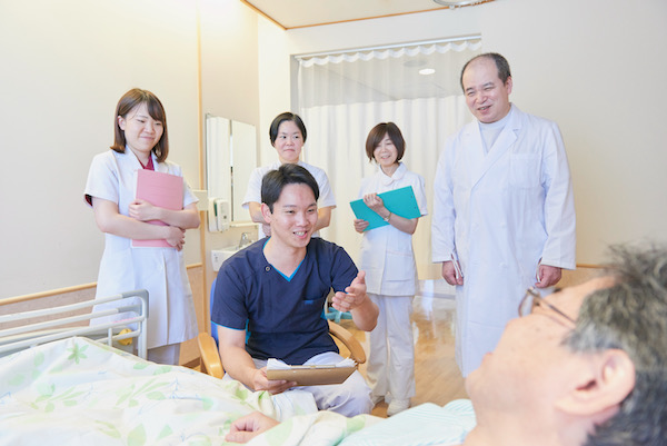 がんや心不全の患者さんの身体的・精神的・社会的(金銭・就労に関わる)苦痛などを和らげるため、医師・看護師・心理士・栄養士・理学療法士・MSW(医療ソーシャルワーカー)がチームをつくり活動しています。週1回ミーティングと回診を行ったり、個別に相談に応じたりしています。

..............................

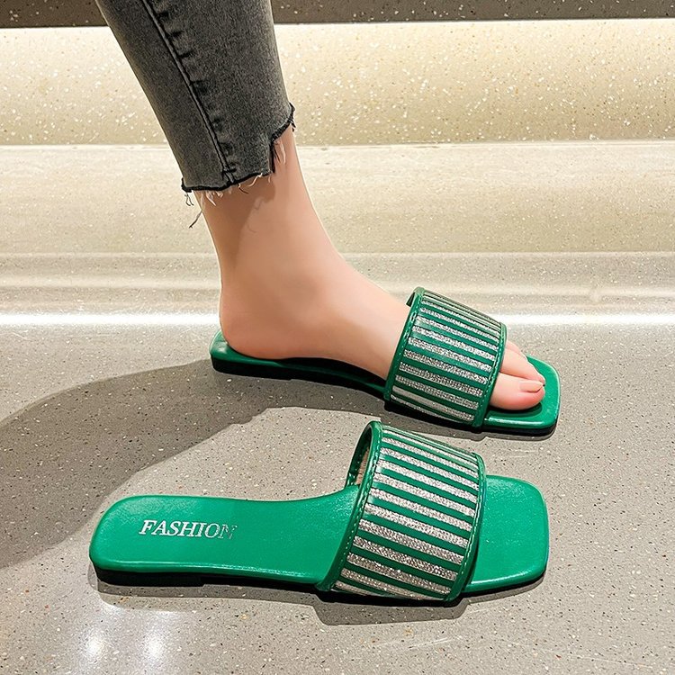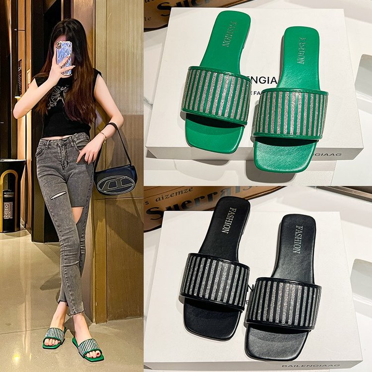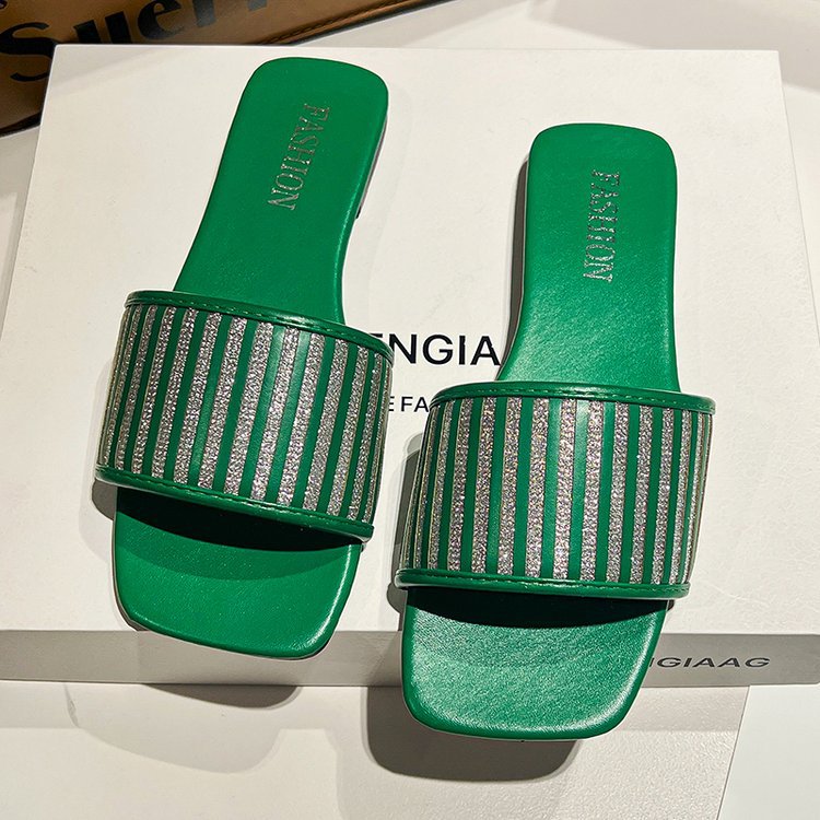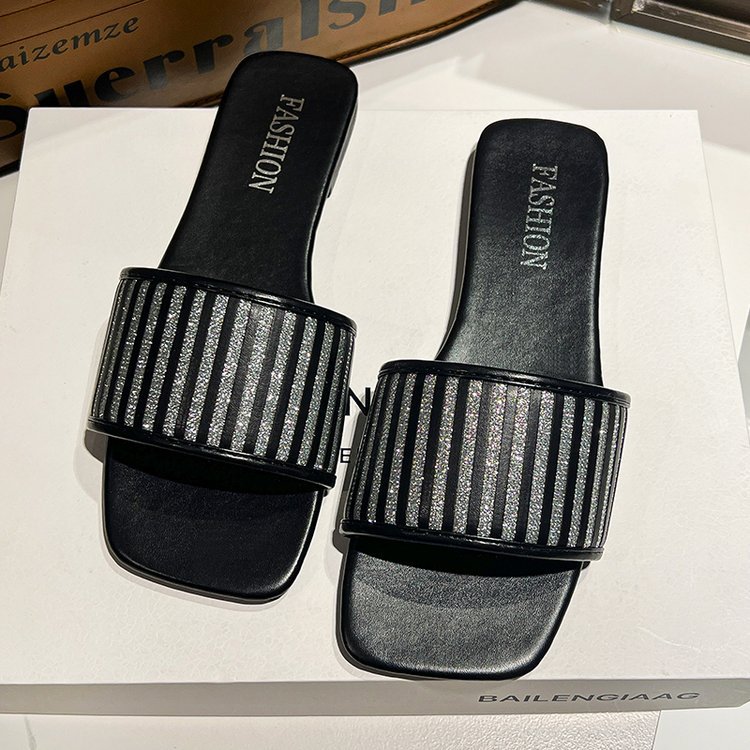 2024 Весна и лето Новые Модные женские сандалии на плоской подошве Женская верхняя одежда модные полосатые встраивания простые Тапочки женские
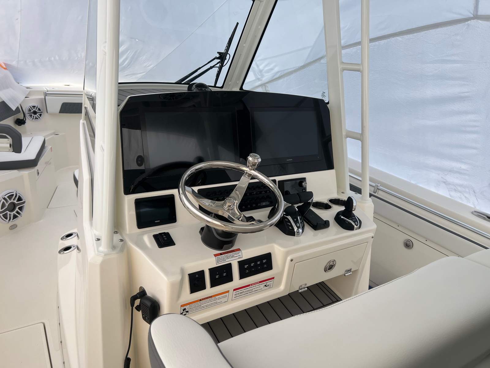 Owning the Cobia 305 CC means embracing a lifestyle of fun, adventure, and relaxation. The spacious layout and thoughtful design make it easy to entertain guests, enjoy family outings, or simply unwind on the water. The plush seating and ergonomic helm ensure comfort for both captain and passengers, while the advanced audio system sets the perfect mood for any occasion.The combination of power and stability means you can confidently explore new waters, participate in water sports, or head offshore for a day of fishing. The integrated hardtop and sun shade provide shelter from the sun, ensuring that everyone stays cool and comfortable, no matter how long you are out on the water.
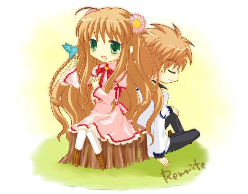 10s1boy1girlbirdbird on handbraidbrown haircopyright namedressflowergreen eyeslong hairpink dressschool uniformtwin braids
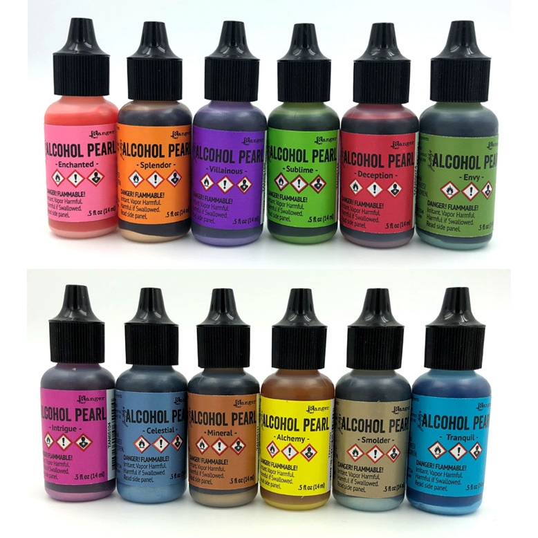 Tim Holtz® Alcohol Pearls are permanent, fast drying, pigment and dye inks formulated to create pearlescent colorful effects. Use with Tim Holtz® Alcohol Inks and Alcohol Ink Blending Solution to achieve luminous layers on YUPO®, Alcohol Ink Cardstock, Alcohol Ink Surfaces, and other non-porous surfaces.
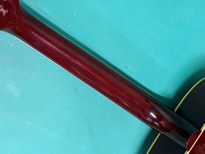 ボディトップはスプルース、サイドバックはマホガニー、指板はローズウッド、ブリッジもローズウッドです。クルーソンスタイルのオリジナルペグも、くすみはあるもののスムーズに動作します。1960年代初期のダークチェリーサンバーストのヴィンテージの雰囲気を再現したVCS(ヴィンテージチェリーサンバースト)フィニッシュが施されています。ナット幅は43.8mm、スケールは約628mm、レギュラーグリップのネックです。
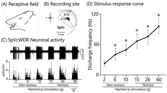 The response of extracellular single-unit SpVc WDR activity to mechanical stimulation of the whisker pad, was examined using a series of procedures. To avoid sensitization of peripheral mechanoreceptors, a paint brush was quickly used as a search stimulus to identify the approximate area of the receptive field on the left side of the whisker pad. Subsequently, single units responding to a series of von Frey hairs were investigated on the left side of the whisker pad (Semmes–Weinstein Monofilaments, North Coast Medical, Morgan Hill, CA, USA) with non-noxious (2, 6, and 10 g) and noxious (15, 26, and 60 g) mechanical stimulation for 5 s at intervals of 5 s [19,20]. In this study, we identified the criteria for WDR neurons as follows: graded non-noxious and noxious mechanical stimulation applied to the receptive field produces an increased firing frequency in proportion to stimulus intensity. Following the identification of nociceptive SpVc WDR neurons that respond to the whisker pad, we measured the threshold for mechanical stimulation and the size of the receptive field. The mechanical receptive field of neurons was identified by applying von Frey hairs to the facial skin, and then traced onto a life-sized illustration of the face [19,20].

..............................

PROBLEM: Return exactly the lines that appear in the data above between the line containing "10s1boy1girlbirdbird on handbraidbrown" and the line containing "The response of", both of which are included, and leave the pictures out.

EXERCISE RESPONSE:
 10s1boy1girlbirdbird on handbraidbrown haircopyright namedressflowergreen eyeslong hairpink dressschool uniformtwin braids
 Tim Holtz® Alcohol Pearls are permanent, fast drying, pigment and dye inks formulated to create pearlescent colorful effects. Use with Tim Holtz® Alcohol Inks and Alcohol Ink Blending Solution to achieve luminous layers on YUPO®, Alcohol Ink Cardstock, Alcohol Ink Surfaces, and other non-porous surfaces.
 ボディトップはスプルース、サイドバックはマホガニー、指板はローズウッド、ブリッジもローズウッドです。クルーソンスタイルのオリジナルペグも、くすみはあるもののスムーズに動作します。1960年代初期のダークチェリーサンバーストのヴィンテージの雰囲気を再現したVCS(ヴィンテージチェリーサンバースト)フィニッシュが施されています。ナット幅は43.8mm、スケールは約628mm、レギュラーグリップのネックです。
 The response of extracellular single-unit SpVc WDR activity to mechanical stimulation of the whisker pad, was examined using a series of procedures. To avoid sensitization of peripheral mechanoreceptors, a paint brush was quickly used as a search stimulus to identify the approximate area of the receptive field on the left side of the whisker pad. Subsequently, single units responding to a series of von Frey hairs were investigated on the left side of the whisker pad (Semmes–Weinstein Monofilaments, North Coast Medical, Morgan Hill, CA, USA) with non-noxious (2, 6, and 10 g) and noxious (15, 26, and 60 g) mechanical stimulation for 5 s at intervals of 5 s [19,20]. In this study, we identified the criteria for WDR neurons as follows: graded non-noxious and noxious mechanical stimulation applied to the receptive field produces an increased firing frequency in proportion to stimulus intensity. Following the identification of nociceptive SpVc WDR neurons that respond to the whisker pad, we measured the threshold for mechanical stimulation and the size of the receptive field. The mechanical receptive field of neurons was identified by applying von Frey hairs to the facial skin, and then traced onto a life-sized illustration of the face [19,20].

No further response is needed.